From The Catholic News Agency:

.- The Swiss Catholic Lenten Fund and a major U.S. foundation have helped fund an LGBT activist project intended to counter West African bishops at the Catholic Church’s Synod on the Family.

The Netherlands-based European Forum of LGBT Christian Groups originally planned to make a documentary film of self-identified LGBT Catholics in Ghana, Togo, Benin, Nigeria and Cameroon.

“Reacting to the extremely negative influence from bishops from Western Africa on the final document of the Family Synod 14, we found it important to bring the voices of LGBT Catholics from this region to broader attention,” the European Forum said in its 2014-2015 activity report.

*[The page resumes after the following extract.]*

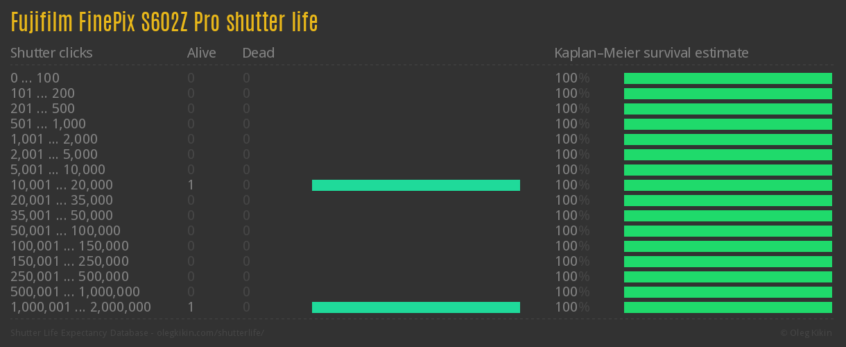Direct link to this page: Fujifilm FinePix S602Z ProAverage number of actuations after which shutter is still alive: 510,028.0

The forum’s activities report said the project was funded by the Swiss Catholic Lenten Fund Fastenopfer and the Arcus Foundation. The wealthy U.S.-based foundation has given hundreds of thousands of dollars to LGBT activist groups to target the synod.

But Fastenopfer is a Catholic development organization. It traditionally raises its funds during Lenten almsgiving. Its Italian-language name is Sacrificio Quaresimale, which means “Lenten Sacrifice.”

Bishop Felix Gmur of Basel, Switzerland is president of the Lenten fund’s foundation council, which oversees the NGO’s directors group. Two of the nine members of the foundation council are named by the Conference of Swiss Bishops, with the rest being named by a separate body.